__EXERCISE BRIEF__:
The entries that follow should be repeated exactly, with no pictures kept.

Records from a data source:
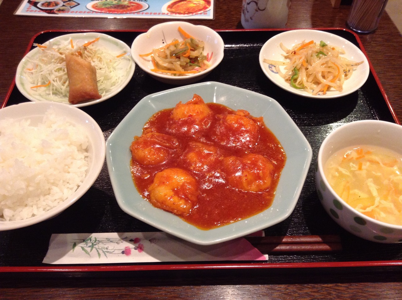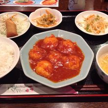今回はランチパスポートを利用し、海老チリ定食をいただきました。
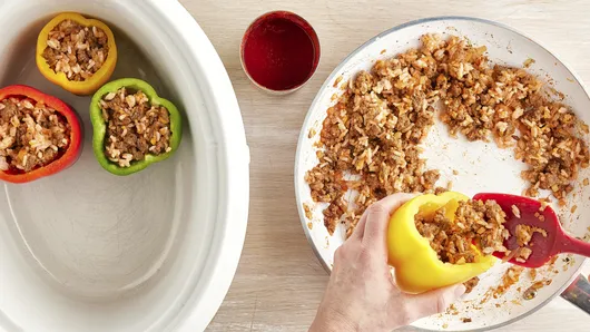 If this is your first time trying your hand at this recipe, let Betty walk you through the process in this handy article about how to make stuffed peppers in the slow cooker. Looking for more ways to make these veggies into dinner? Explore the rest of our bell pepper recipes.
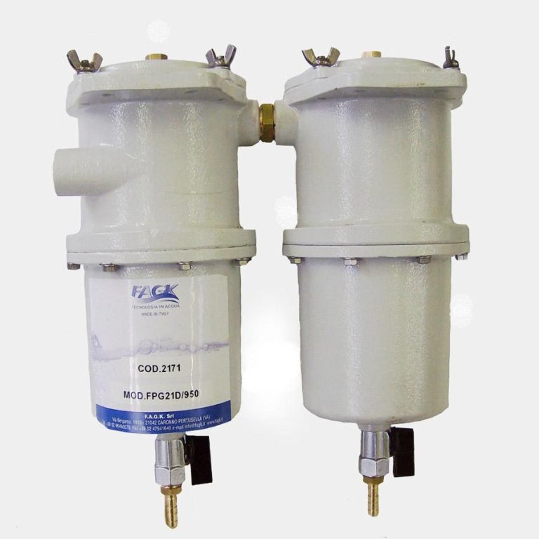 Prefiltro decantatore mod. FPG21/23 DOPPIO con elemento filtrante in carta da 10 micron e in acciaio da 100 micron.
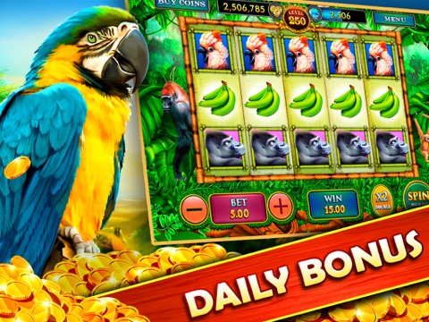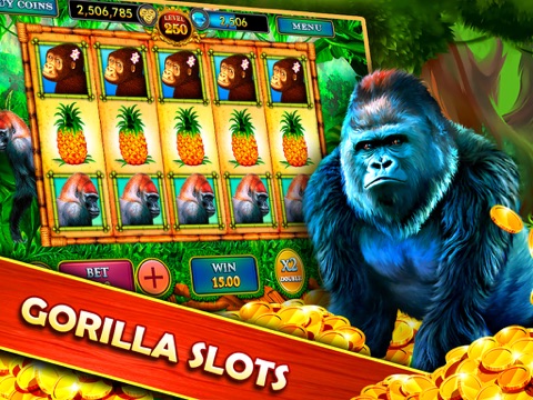 Explore brand new slot machines online - Lucky Gorilla King Vegas Fun Slot Machines! Come to the Jungle Mountains of Africa and be the first one who win the gigantic jackpot of Gorilla King. The company of friendly monkeys will help you on yours slot machines adventure. Not everyone gets a chance to get to the hot Africa and come out with a million points in hand!
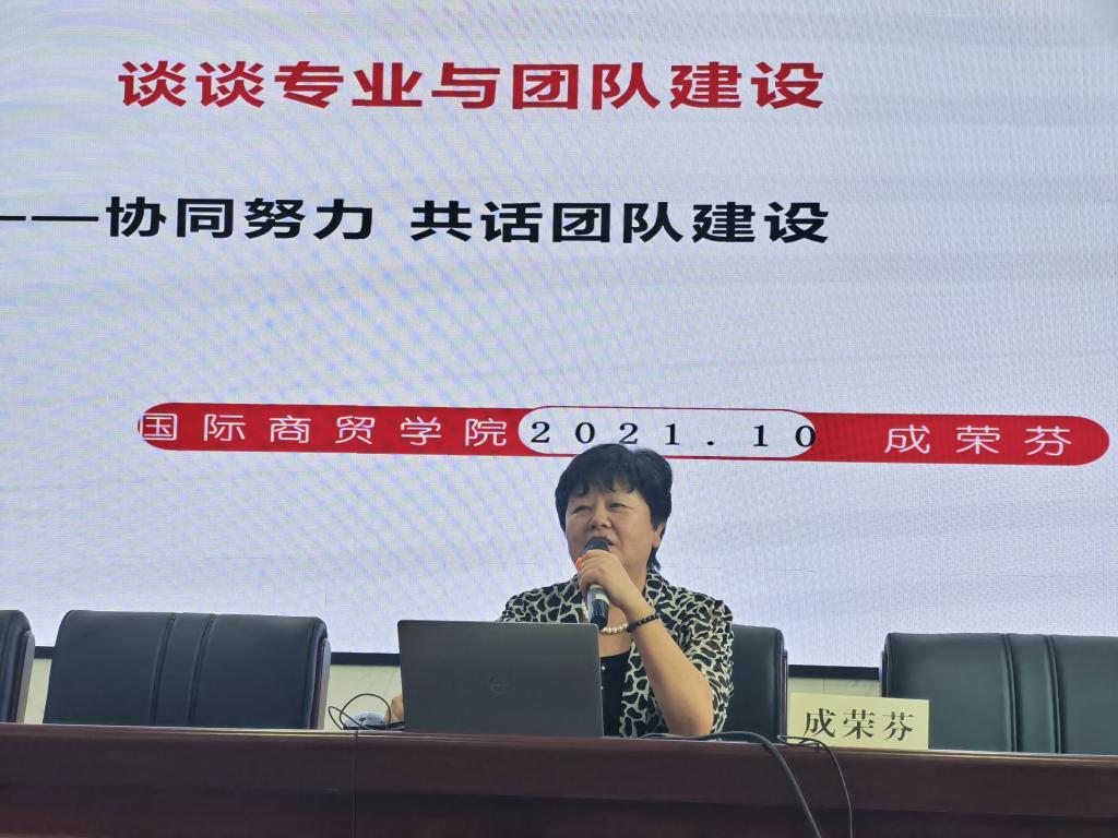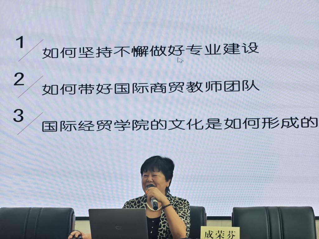 成荣芬院长以“协同努力打造优秀专业与创新团队”为主题,从如何坚持不懈做好专业建设、如何带好国际商贸教师团队和如何营造国际商贸学院和谐文化三个方面展开讲座。
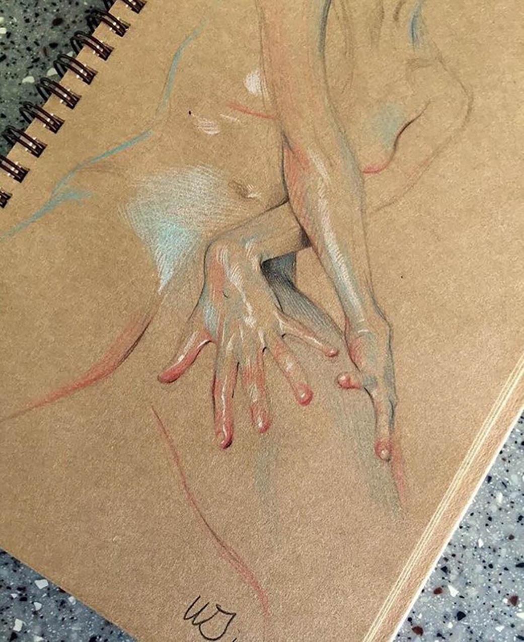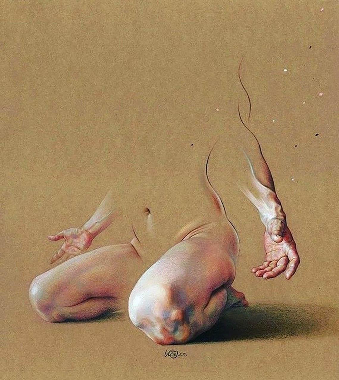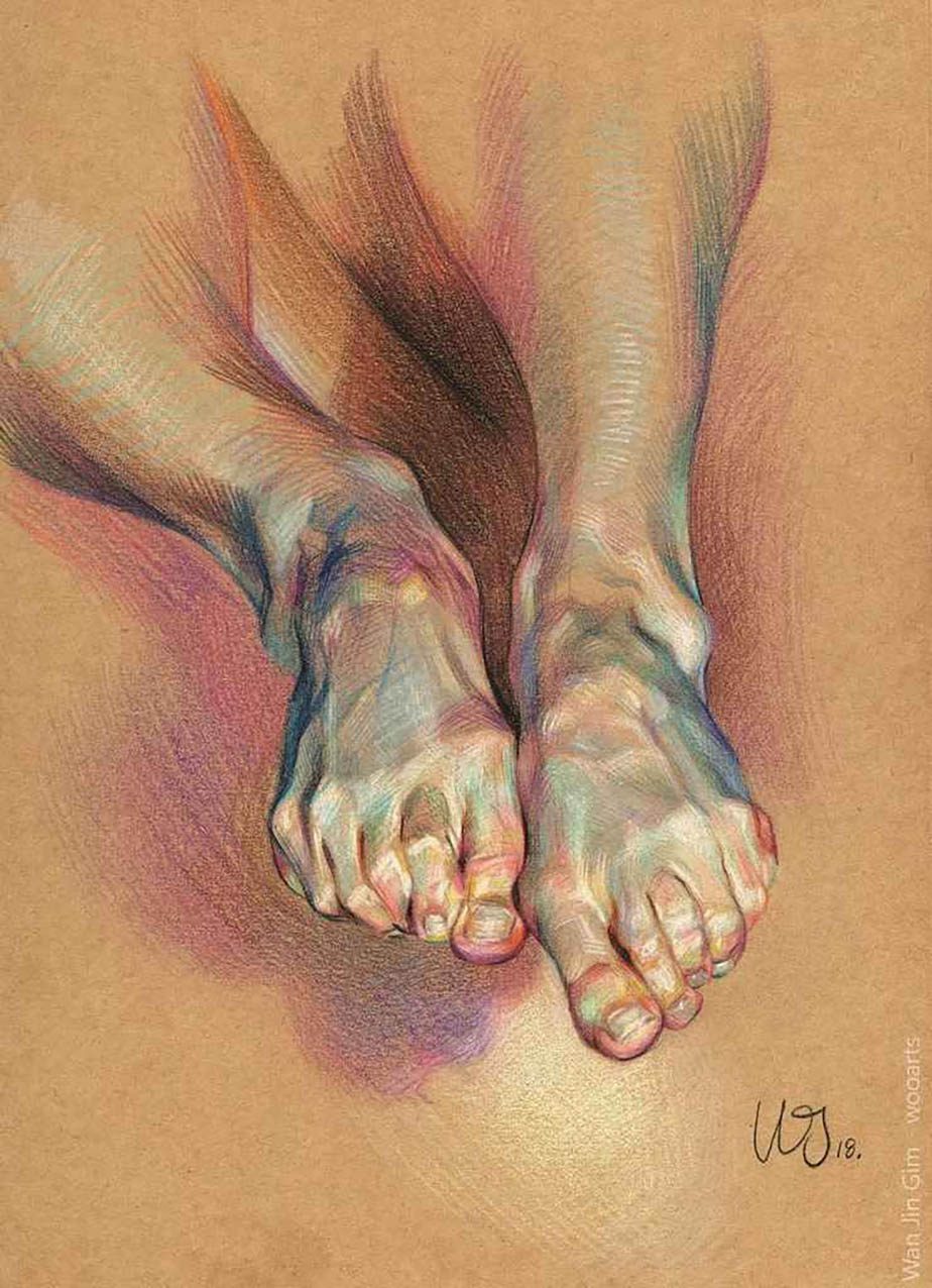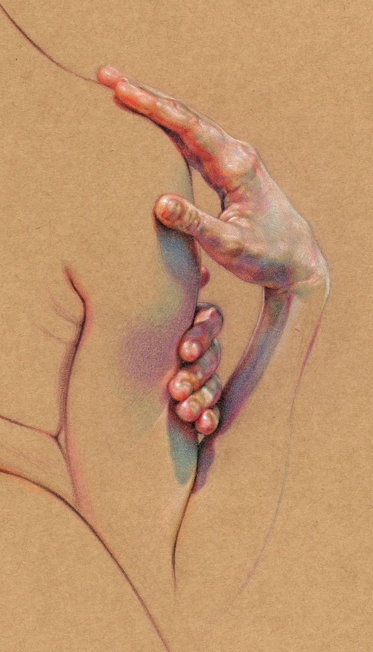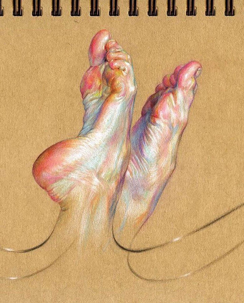 Fascinated by the paintings of Lucian Freud, Wanjin incredible creates sensual hyperrealistic paintings and drawings of the human anatomy, particularly hands and feet. He usually paints nudes that allow him to express the abstract curves of the human body and the infinite tones of the surface of the skin so you can almost feel its texture. His artworks carry a delicate realism full of details in which you can even distinguish veins, hairs and muscles. Working with coloured pencils acrylic paint and inks he creates complex hatched layers of colour, and adding paint or ink to soften the image giving it an ethereal look.
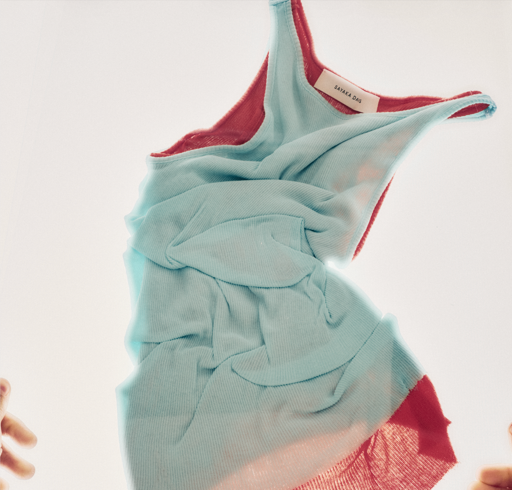 Sheer Rib Tank Dress in Cyan and Poppy Red Organic Cotton
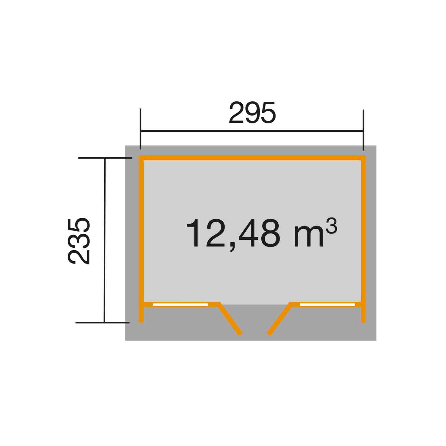 Mit einem Außenmaß von B 305 x T 250 x H 227 bietet es viel Platz für entspannte Stunden im eigenen Garten. Die Nutzfläche des Gartenhauses beträgt 6,93 m².
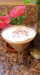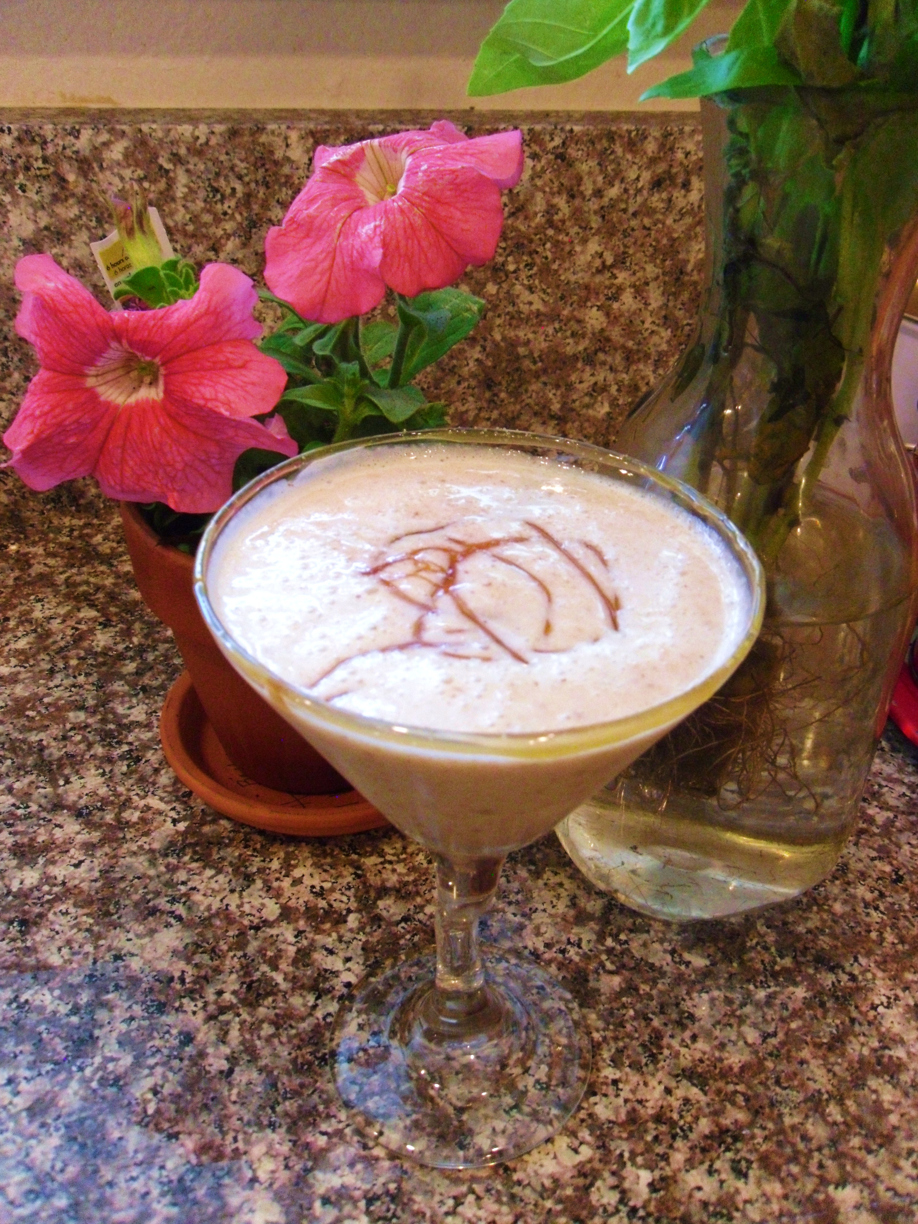 Pour half the smoothie/shake into each glass.   Squiggle a bit more of the syrup (about 1/2 t.) to garnish the top of the drink, and sprinkle with one more tiny pinch of sea salt.   Prepare to fall in love.
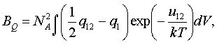– второй вириальный коэффициент свойства Q, которым описывается отклонение от свойств идеального газа в первом приближении. Для одного моля газа АQ=Naq1, где NA – число Авогадро, q1 – средний вклад молекулы в макроскопическое свойство. Для второго вириального коэффициента статистическая механика дает следующий результат:
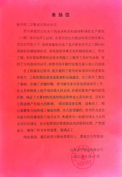 5月17日,中國(guó)二冶收到山東永寧藥業(yè)有限公司發(fā)來(lái)的感謝信,信中贊揚(yáng)中國(guó)二冶在山東永寧藥業(yè)項(xiàng)目建設(shè)過(guò)程中,實(shí)干擔(dān)當(dāng)、迎難而上、精心部署,努力克服工期緊、任務(wù)重等不利因素,在復(fù)雜嚴(yán)峻的疫情形勢(shì)下,保證材料供應(yīng)和人員補(bǔ)充,嚴(yán)把質(zhì)量關(guān),打造精品工程,充分展現(xiàn)出央企的責(zé)任與擔(dān)當(dāng)。
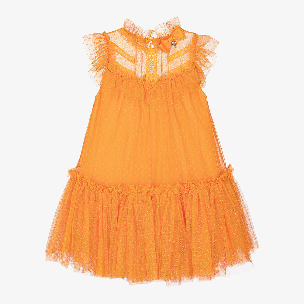 Stunning orange special occasion dress for girls by Angel's Face. Made in soft plumeti tulle, it has delicate ruffles on the bodice and a floaty shape. The designer's signature gold charm and bow accents the chic high neckline, and it is lined in soft cotton jersey for ultimate comfort against the skin.
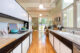 This kitchen has more ample space than a typical galley kitchen, but the heart of it is designed around a galley layout. The design balances wood, white and mint green cabinets, which harmonizes for a calming effect. The kitchen design also takes advantage of the home’s vertical storage opportunities with its high ceilings.
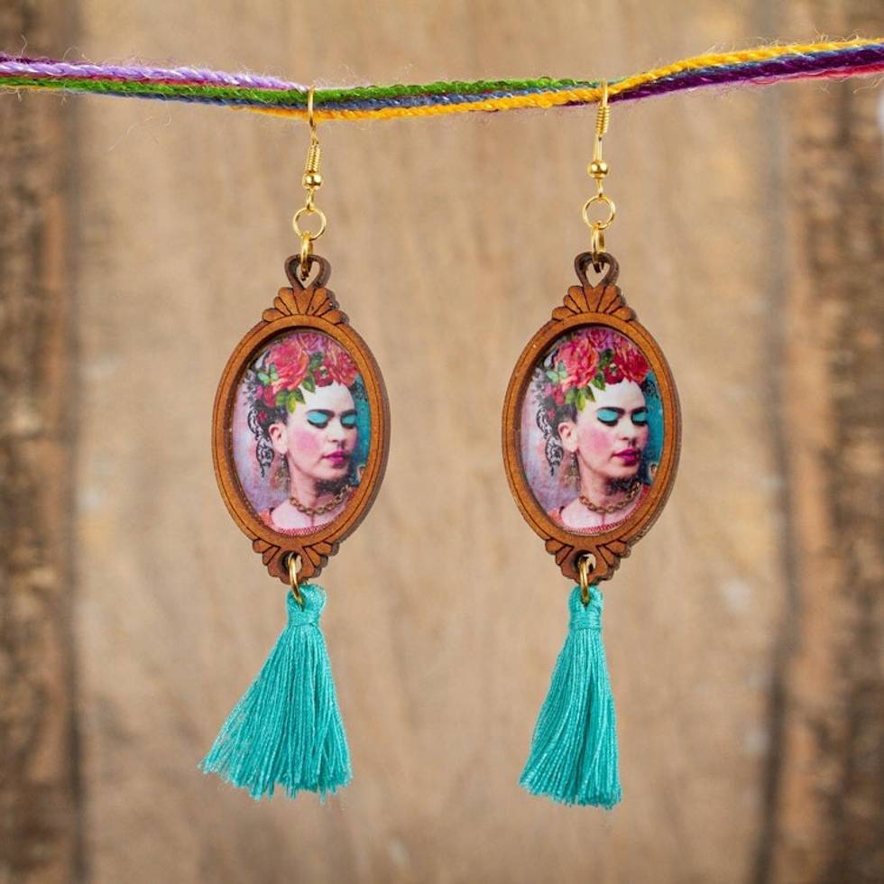 Handcrafted Frida Kahlo Wood Dangle Earrings Aqua Tassels 'Brilliant Frida' Item ID: 2669931838
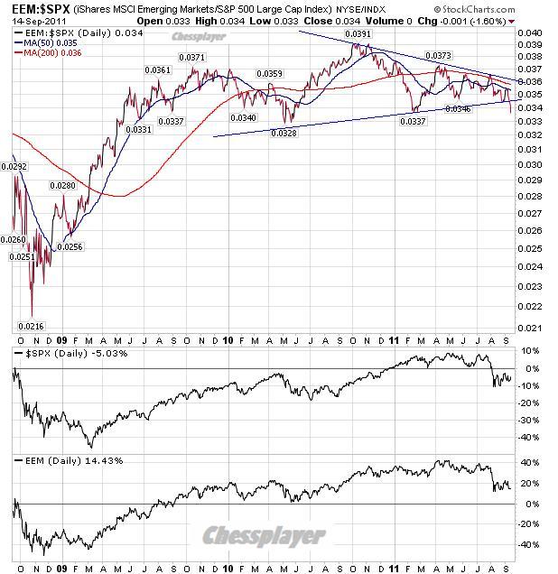 Так выглядит отношение индекса развивающихся рынков к индексу S&P500.

__EXERCISE RESULT__:
今回はランチパスポートを利用し、海老チリ定食をいただきました。
 If this is your first time trying your hand at this recipe, let Betty walk you through the process in this handy article about how to make stuffed peppers in the slow cooker. Looking for more ways to make these veggies into dinner? Explore the rest of our bell pepper recipes.
 Prefiltro decantatore mod. FPG21/23 DOPPIO con elemento filtrante in carta da 10 micron e in acciaio da 100 micron.
 Explore brand new slot machines online - Lucky Gorilla King Vegas Fun Slot Machines! Come to the Jungle Mountains of Africa and be the first one who win the gigantic jackpot of Gorilla King. The company of friendly monkeys will help you on yours slot machines adventure. Not everyone gets a chance to get to the hot Africa and come out with a million points in hand!
 成荣芬院长以“协同努力打造优秀专业与创新团队”为主题,从如何坚持不懈做好专业建设、如何带好国际商贸教师团队和如何营造国际商贸学院和谐文化三个方面展开讲座。
 Fascinated by the paintings of Lucian Freud, Wanjin incredible creates sensual hyperrealistic paintings and drawings of the human anatomy, particularly hands and feet. He usually paints nudes that allow him to express the abstract curves of the human body and the infinite tones of the surface of the skin so you can almost feel its texture. His artworks carry a delicate realism full of details in which you can even distinguish veins, hairs and muscles. Working with coloured pencils acrylic paint and inks he creates complex hatched layers of colour, and adding paint or ink to soften the image giving it an ethereal look.
 Sheer Rib Tank Dress in Cyan and Poppy Red Organic Cotton
 Mit einem Außenmaß von B 305 x T 250 x H 227 bietet es viel Platz für entspannte Stunden im eigenen Garten. Die Nutzfläche des Gartenhauses beträgt 6,93 m².
 Pour half the smoothie/shake into each glass.   Squiggle a bit more of the syrup (about 1/2 t.) to garnish the top of the drink, and sprinkle with one more tiny pinch of sea salt.   Prepare to fall in love.
– второй вириальный коэффициент свойства Q, которым описывается отклонение от свойств идеального газа в первом приближении. Для одного моля газа АQ=Naq1, где NA – число Авогадро, q1 – средний вклад молекулы в макроскопическое свойство. Для второго вириального коэффициента статистическая механика дает следующий результат:
 5月17日,中國(guó)二冶收到山東永寧藥業(yè)有限公司發(fā)來(lái)的感謝信,信中贊揚(yáng)中國(guó)二冶在山東永寧藥業(yè)項(xiàng)目建設(shè)過(guò)程中,實(shí)干擔(dān)當(dāng)、迎難而上、精心部署,努力克服工期緊、任務(wù)重等不利因素,在復(fù)雜嚴(yán)峻的疫情形勢(shì)下,保證材料供應(yīng)和人員補(bǔ)充,嚴(yán)把質(zhì)量關(guān),打造精品工程,充分展現(xiàn)出央企的責(zé)任與擔(dān)當(dāng)。
 Stunning orange special occasion dress for girls by Angel's Face. Made in soft plumeti tulle, it has delicate ruffles on the bodice and a floaty shape. The designer's signature gold charm and bow accents the chic high neckline, and it is lined in soft cotton jersey for ultimate comfort against the skin.
 This kitchen has more ample space than a typical galley kitchen, but the heart of it is designed around a galley layout. The design balances wood, white and mint green cabinets, which harmonizes for a calming effect. The kitchen design also takes advantage of the home’s vertical storage opportunities with its high ceilings.
 Handcrafted Frida Kahlo Wood Dangle Earrings Aqua Tassels 'Brilliant Frida' Item ID: 2669931838
 Так выглядит отношение индекса развивающихся рынков к индексу S&P500.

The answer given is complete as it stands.